1.14 Exercise 1.14
(Tree not included.)
To figure out the order of growth of the number of steps used in this process (from now on called the time complexity), it’s easiest to start with the case where kinds-of-coins is 1 and then work up to the starting value of 5.
(cc n 1) evaluates like this:
(cc n 1) (+ (cc n 0) (cc (- n (first-denomination 1)) 1)) (+ (cc n 0) (cc (- n 1) 1))
Since (cc n 0) simply returns 1, it has time complexity O(1). And since every call of cc calls cc one more time until eventually reaching an O(1) base case, (c n 1) has time complexity O(n).

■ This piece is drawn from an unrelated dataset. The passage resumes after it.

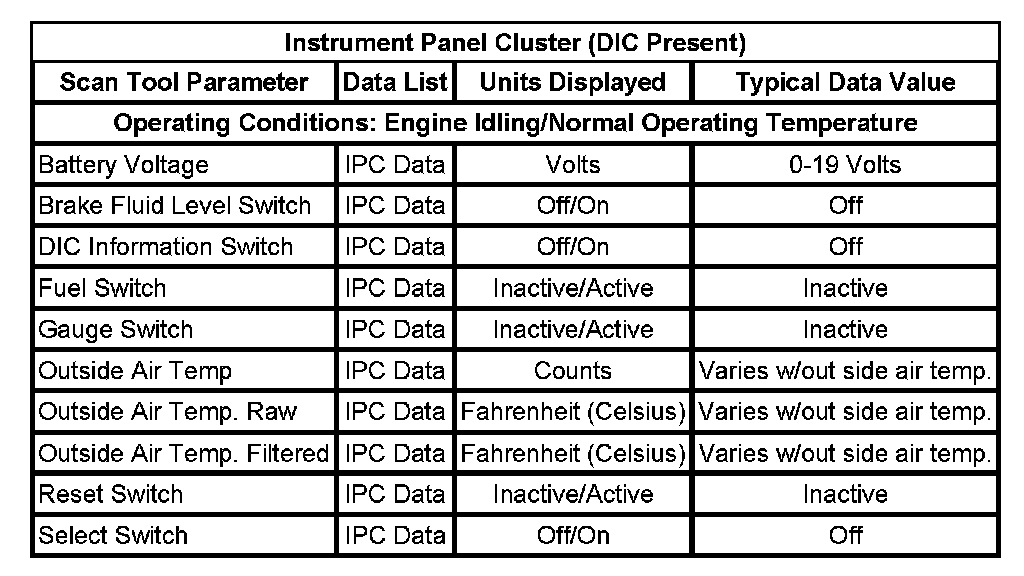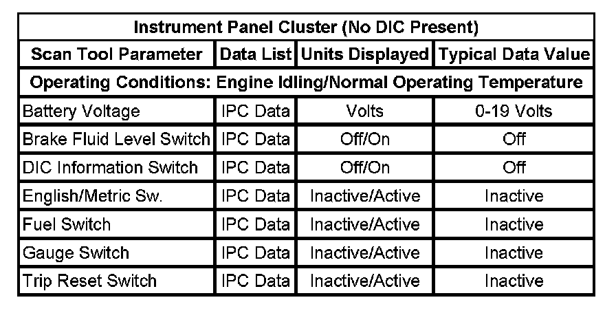 The scan tool data lists contain all the instrument panel, gage, and console related parameters that are available on the scan tool. The parameters in the list are arranged in alphabetical order. The data list column indicates the location of the parameter within the scan tool menu selections.

Now suppose we want to evaluate (cc n 2):
(cc n 2) (+ (cc n 1) (cc (- n 5) 2))
Since 5 is subtracted each time from n, there are n / 5 calls to cc with a kinds-of-coins value of 2. And each of these calls cc with a kinds-of-coints value of 1. Therefore, calls to (cc n 2) have time copmlexity (n / 5) * O(n) = O(n^2).
The process continues similarly: (cc n 3) has time complexity (n / 10) * O(n^2) = O(n^3), (cc n 4) has time complexity (n / 25) * O(n^3) = O(n^4), and (cc n 5), our standard call to cc, has time complexity (n / 50) * O(n^4) = O(n^5).
The important choices in finding the time complexity of the whole process were to start with a base case with a simple time complexity and to notice that incrementing kinds-of-coins gave a process with a time complexity that could be expressed in terms of the last one.
TODO: Space complexity